Producer: Ian Watermeier and Nina Anand Aujla Directors: Elan Dassani and Rajeev Dassani Screenplay: Madhuri Shekar Cast: Sarita Choudhury, Sunita Mani, Omar Maskati, Bernard White, Anjali Bjimanti, Rachel Cora Wood, Ramesh Reddy, Lena Clark, Satya Polisetti, Ashish Thapliyal, Natosha Durr, Nupur Charyalu and Asad Durrani Distributor: Amazon Studios
In another movie opening this week, we’re informed that karma can be a bitch. So, it appears from “Evil Eye,” can reincarnation. That’s the lesson taught by the thriller adapted by Madhuri Shekar from her Audible original (which substituted phone calls for the letters employed in old-fashioned epistolary novels) and directed by Indian-American twin brothers Elan and Rajeev Dassani.
In a plot that jumps back and forth between India and the United States, Sarita Choudhury plays Usha, a doting—some would say nagging—mother living with her supportive but skeptical husband Krishnan (Bernard White) in Delhi. She’s in constant touch with her daughter Pallavi (Sunita Mani), who lives in New Orleans; the girl is nearing thirty and remains unmarried, a tragedy in Usha’s view. And she seems unimpressed with the eligible bachelors her mother arranges dates with.
Pallavi tries to be as accommodating as possible—she’ll meet the men and show proper deference regarding the titular medallion her mother gives her for protection—though, being Americanized, she’s clearly irritated by Usha’s intrusiveness. In fact, she’s awaiting the arrival of another of her prearranged dates in a coffee shop when she meets Sandeep (Omar Maskati), a rich, handsome fellow who introduces himself when the expected guys doesn’t show. Before long they’re a couple, with Pallavi even choosing to depend on Sandeep financially so she can give up a thankless job to write the novel she’s been long planning.

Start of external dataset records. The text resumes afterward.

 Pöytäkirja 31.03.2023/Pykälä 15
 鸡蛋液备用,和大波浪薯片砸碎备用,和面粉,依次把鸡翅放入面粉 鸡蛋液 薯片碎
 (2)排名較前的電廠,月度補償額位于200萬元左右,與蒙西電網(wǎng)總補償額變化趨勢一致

One might expect Usha to be overjoyed, but she’s not. She’s unnerved by Sandeep, especially after doing traditional astrological scrutiny of his compatibility with Pallavi. She comes to suspect that this ostensibly perfect guy is the reincarnation of an abusive old lover who stalked her after they broke up, with fatal results. After all, a person can’t be reincarnated unless they die—and we’re show what happened in a succession of impressionistic flashbacks.
“Evil Evil” has its effective moments—the first time upset Usha and unctuous Sandeep talk on the phone has a nicely creepy vibe, and the relationship between Usha and the often exasperated Krishnan is niftily sketched. The cultural elements also add a degree of the exotic to the mix, evident in the Delhi scenes fashioned by production designer Ryan Martin-Dwyer and cinematographer Yaron Levy. (The Louisiana sequences, on the other hand, are visually bland.)

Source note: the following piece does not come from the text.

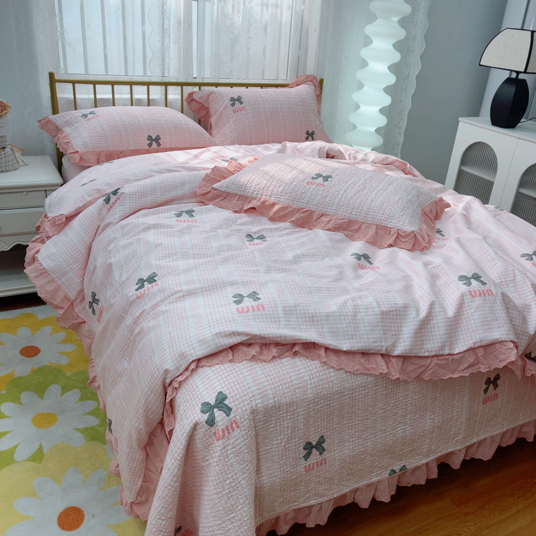 暖居 2025春夏款高温砂洗棉花床盖三件套被套四件套同款纯棉夏被空调被四季 蝴蝶结粉色
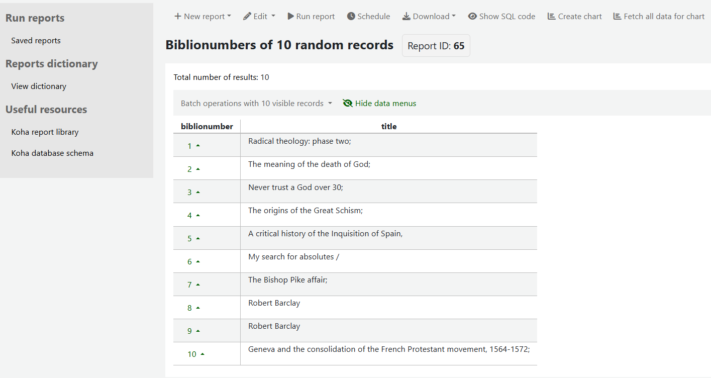 As all title records will have biblionumbers an unlimited report should not be run as the resources used to bring back the result might slow the site

Otherwise things do not go so well. Apart from Choudhury and White, the acting is at best pedestrian. Mani can’t invigorate a character who’s basically ready to be manipulated, and Maskati’s attempts to be sinister never develop a truly dangerous tone. A climactic confrontation set in New Orleans, where Usha has come for a face-to-face visit, is clumsily handled, with the Dassanis’ direction sloppy and Kristina Hamilton-Grobler’s editing lacking the precision the sequence calls for. A supposedly chilling coda doesn’t make the skin crawl, either. Ronit Kirchman’s score, on the other hand, does add atmosphere.
In the end “Evil Eye” is a thriller with an intriguing premise undermined by flawed execution. It might have been better to let it remain in audio format.